- [Items from a dataset]
**********
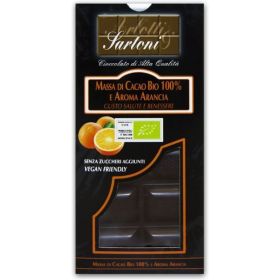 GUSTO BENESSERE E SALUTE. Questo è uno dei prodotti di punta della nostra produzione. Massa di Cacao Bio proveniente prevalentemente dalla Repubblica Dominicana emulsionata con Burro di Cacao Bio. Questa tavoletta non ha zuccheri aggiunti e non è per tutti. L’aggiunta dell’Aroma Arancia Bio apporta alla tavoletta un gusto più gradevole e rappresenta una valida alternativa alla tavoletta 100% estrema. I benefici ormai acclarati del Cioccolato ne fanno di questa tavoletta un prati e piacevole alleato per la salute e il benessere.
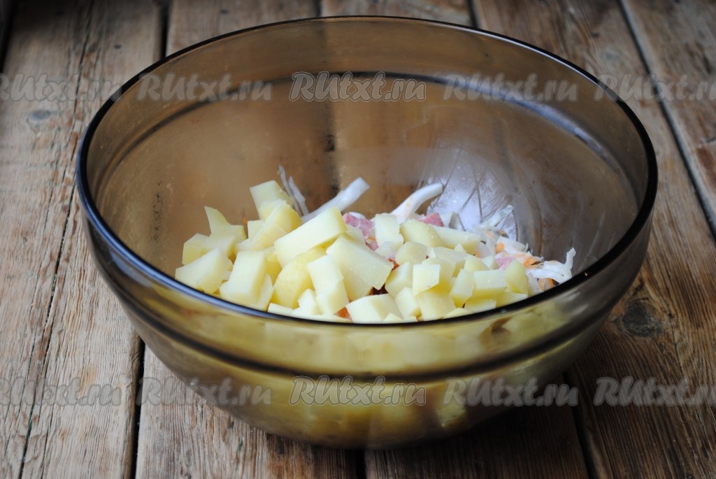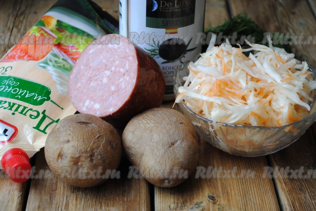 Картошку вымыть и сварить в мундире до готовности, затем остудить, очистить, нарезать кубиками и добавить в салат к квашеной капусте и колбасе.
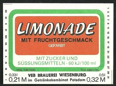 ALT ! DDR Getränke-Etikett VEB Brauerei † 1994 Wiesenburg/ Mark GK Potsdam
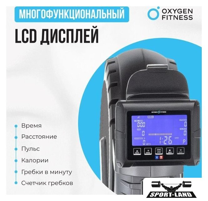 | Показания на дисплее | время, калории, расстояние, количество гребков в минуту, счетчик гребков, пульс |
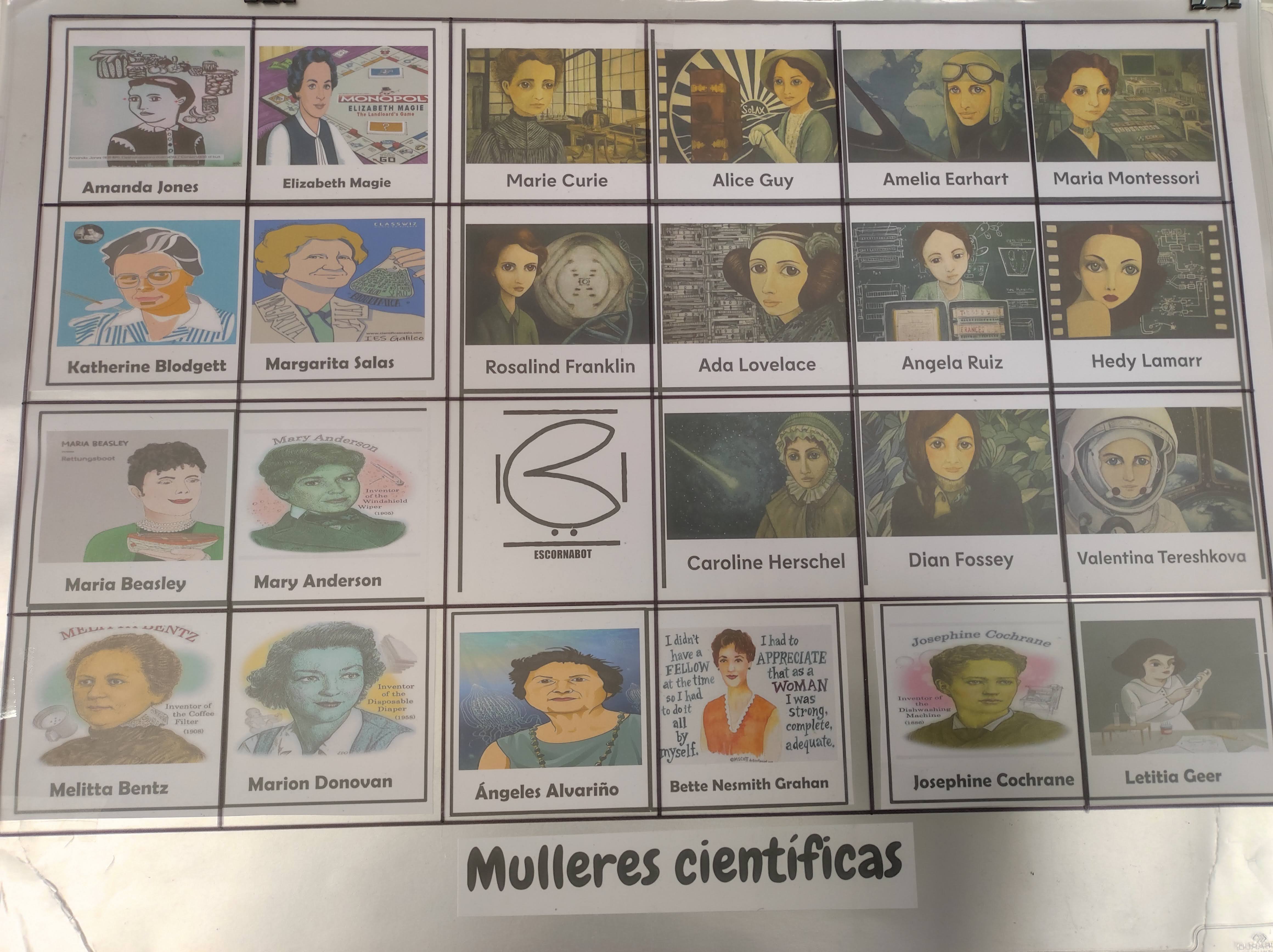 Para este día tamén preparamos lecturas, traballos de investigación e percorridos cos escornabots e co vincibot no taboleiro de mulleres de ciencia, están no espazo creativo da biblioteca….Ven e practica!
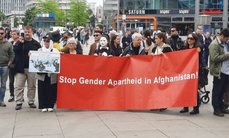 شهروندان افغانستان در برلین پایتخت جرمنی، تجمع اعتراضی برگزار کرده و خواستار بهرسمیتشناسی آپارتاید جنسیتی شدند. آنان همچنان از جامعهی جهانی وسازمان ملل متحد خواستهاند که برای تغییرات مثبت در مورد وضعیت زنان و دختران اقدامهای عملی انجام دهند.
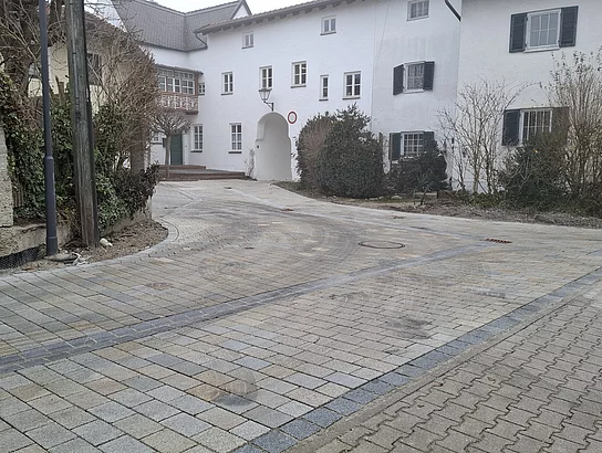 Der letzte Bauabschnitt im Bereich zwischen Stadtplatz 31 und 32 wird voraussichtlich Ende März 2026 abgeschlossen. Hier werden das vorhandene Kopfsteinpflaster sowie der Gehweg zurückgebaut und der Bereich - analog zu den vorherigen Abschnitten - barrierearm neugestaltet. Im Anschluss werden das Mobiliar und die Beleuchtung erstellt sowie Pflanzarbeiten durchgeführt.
**********
- [About this task]
Transcribe every line of the data exactly. No pictures go in the copy.

- [Answer section]
 GUSTO BENESSERE E SALUTE. Questo è uno dei prodotti di punta della nostra produzione. Massa di Cacao Bio proveniente prevalentemente dalla Repubblica Dominicana emulsionata con Burro di Cacao Bio. Questa tavoletta non ha zuccheri aggiunti e non è per tutti. L’aggiunta dell’Aroma Arancia Bio apporta alla tavoletta un gusto più gradevole e rappresenta una valida alternativa alla tavoletta 100% estrema. I benefici ormai acclarati del Cioccolato ne fanno di questa tavoletta un prati e piacevole alleato per la salute e il benessere.
 Картошку вымыть и сварить в мундире до готовности, затем остудить, очистить, нарезать кубиками и добавить в салат к квашеной капусте и колбасе.
 ALT ! DDR Getränke-Etikett VEB Brauerei † 1994 Wiesenburg/ Mark GK Potsdam
 | Показания на дисплее | время, калории, расстояние, количество гребков в минуту, счетчик гребков, пульс |
 Para este día tamén preparamos lecturas, traballos de investigación e percorridos cos escornabots e co vincibot no taboleiro de mulleres de ciencia, están no espazo creativo da biblioteca….Ven e practica!
 شهروندان افغانستان در برلین پایتخت جرمنی، تجمع اعتراضی برگزار کرده و خواستار بهرسمیتشناسی آپارتاید جنسیتی شدند. آنان همچنان از جامعهی جهانی وسازمان ملل متحد خواستهاند که برای تغییرات مثبت در مورد وضعیت زنان و دختران اقدامهای عملی انجام دهند.
 Der letzte Bauabschnitt im Bereich zwischen Stadtplatz 31 und 32 wird voraussichtlich Ende März 2026 abgeschlossen. Hier werden das vorhandene Kopfsteinpflaster sowie der Gehweg zurückgebaut und der Bereich - analog zu den vorherigen Abschnitten - barrierearm neugestaltet. Im Anschluss werden das Mobiliar und die Beleuchtung erstellt sowie Pflanzarbeiten durchgeführt.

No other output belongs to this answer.